[Data records — start]

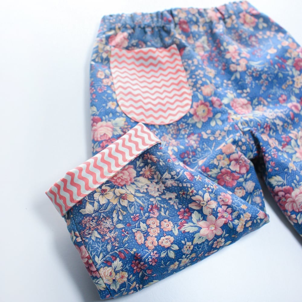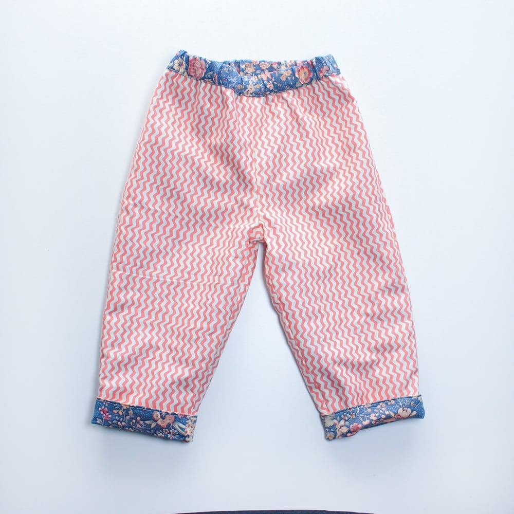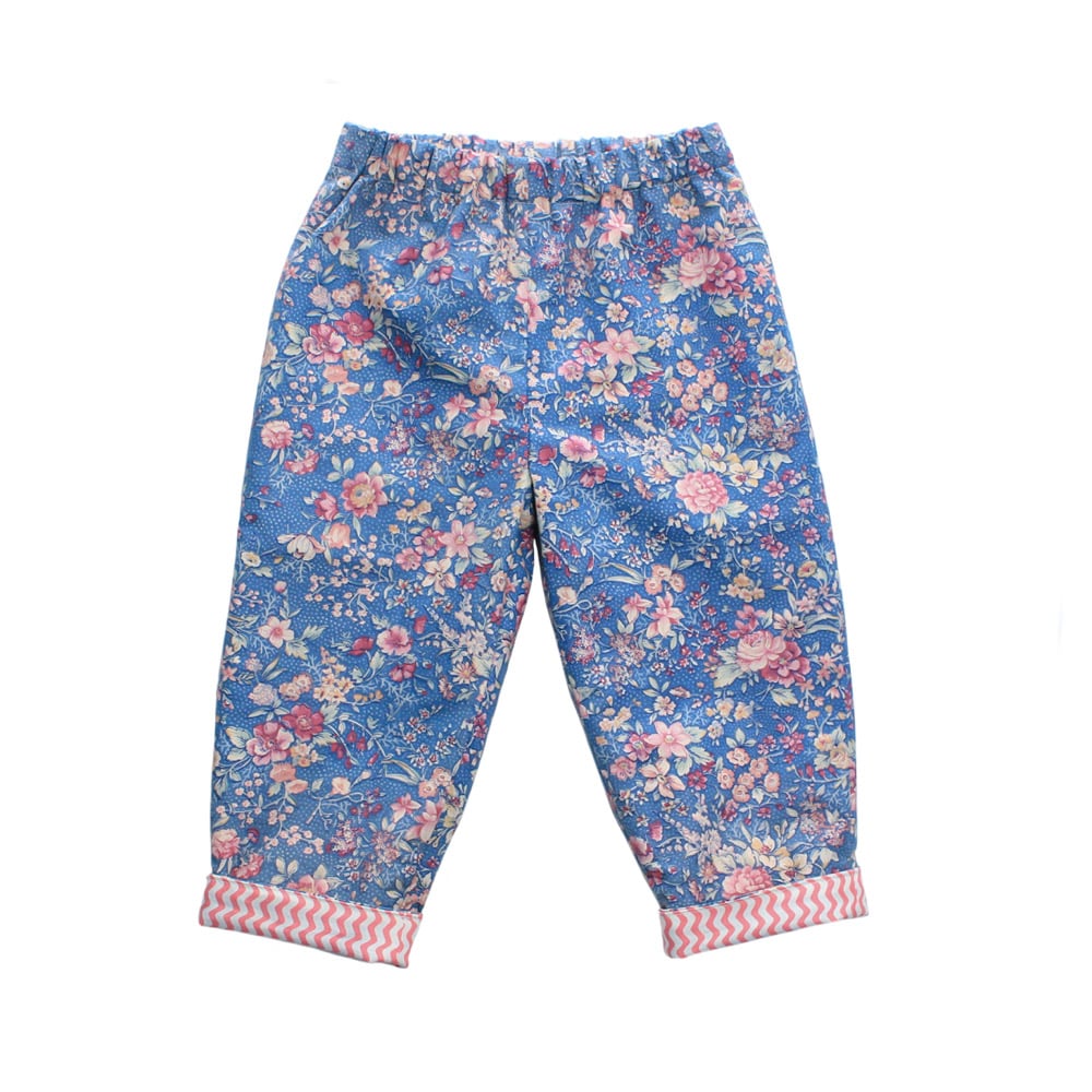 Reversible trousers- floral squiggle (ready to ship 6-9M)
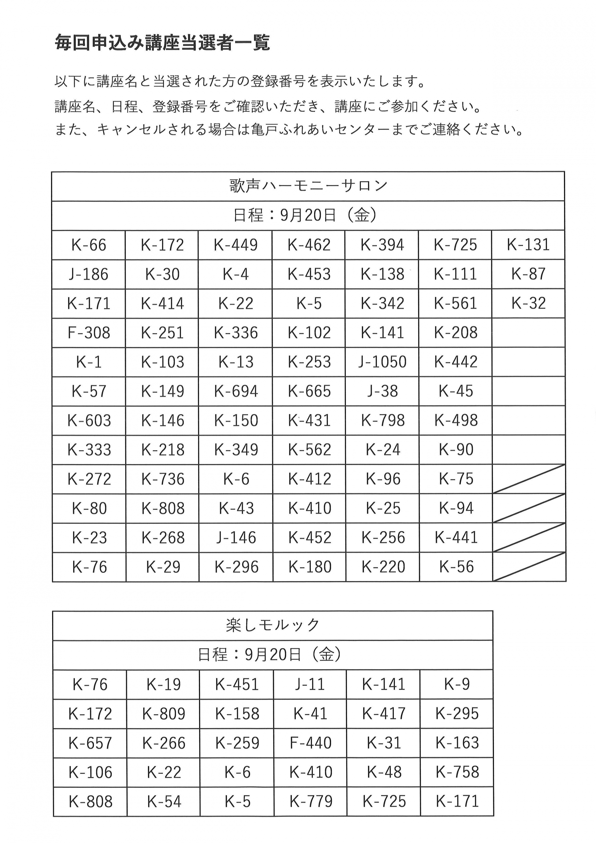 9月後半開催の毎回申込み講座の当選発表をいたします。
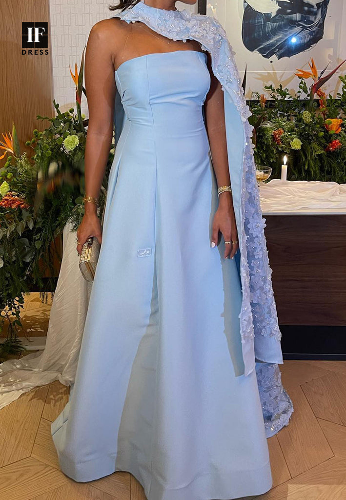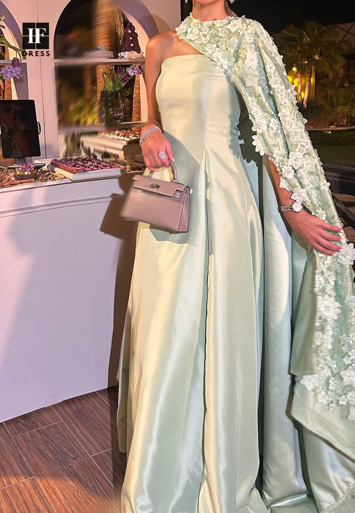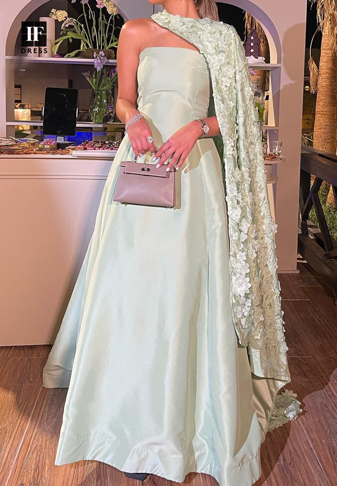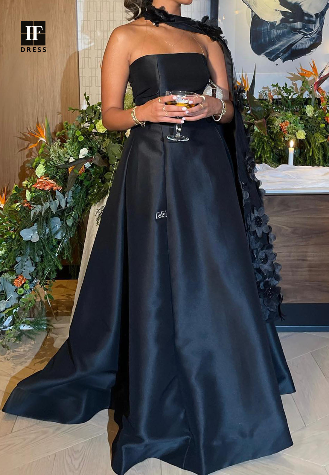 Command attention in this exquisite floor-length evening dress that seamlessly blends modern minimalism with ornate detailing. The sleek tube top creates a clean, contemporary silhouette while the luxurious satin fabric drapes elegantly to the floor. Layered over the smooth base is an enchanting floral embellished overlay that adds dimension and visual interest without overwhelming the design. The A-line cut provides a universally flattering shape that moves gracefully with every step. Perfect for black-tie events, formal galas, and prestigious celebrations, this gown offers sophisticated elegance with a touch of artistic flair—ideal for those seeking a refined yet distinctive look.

[Data records — finish]
[Data records — start]

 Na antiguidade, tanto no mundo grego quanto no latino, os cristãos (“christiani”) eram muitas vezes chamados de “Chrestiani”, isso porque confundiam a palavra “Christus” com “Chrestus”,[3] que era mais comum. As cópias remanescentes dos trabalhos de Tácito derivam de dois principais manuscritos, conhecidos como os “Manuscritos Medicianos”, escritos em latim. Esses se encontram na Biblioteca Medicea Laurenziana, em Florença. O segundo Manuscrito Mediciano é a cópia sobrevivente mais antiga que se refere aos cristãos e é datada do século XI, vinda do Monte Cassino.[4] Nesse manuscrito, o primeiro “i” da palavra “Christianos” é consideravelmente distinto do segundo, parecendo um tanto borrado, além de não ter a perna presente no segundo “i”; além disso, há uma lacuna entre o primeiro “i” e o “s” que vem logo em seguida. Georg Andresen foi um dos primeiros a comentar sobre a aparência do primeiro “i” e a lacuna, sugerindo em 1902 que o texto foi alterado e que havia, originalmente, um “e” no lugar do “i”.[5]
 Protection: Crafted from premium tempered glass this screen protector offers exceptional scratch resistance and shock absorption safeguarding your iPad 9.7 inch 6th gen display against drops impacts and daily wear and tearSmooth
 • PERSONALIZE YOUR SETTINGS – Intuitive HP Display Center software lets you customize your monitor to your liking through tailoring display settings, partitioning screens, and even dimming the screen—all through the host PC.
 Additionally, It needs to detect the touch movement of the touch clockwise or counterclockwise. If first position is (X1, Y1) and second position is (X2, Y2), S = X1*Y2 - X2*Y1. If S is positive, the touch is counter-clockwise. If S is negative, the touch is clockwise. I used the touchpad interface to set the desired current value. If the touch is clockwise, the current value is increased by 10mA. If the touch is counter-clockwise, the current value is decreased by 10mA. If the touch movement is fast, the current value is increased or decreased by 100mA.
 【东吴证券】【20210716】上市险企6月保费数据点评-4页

[Data records — finish]
[Data records — start]

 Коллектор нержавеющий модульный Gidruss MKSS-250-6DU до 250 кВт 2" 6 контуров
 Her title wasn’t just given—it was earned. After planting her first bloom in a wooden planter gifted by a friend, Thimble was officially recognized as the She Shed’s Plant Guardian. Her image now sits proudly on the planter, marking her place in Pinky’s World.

[Data records — finish]

# Exercise objective
Copy word for word the span of the records above that begins at the line with "Reversible trousers- floral" and ends at the line with "9月後半開催の毎回申込み講座の当選発表をいたします。", including those two lines but not the pictures.

# Exercise answer
 Reversible trousers- floral squiggle (ready to ship 6-9M)
 9月後半開催の毎回申込み講座の当選発表をいたします。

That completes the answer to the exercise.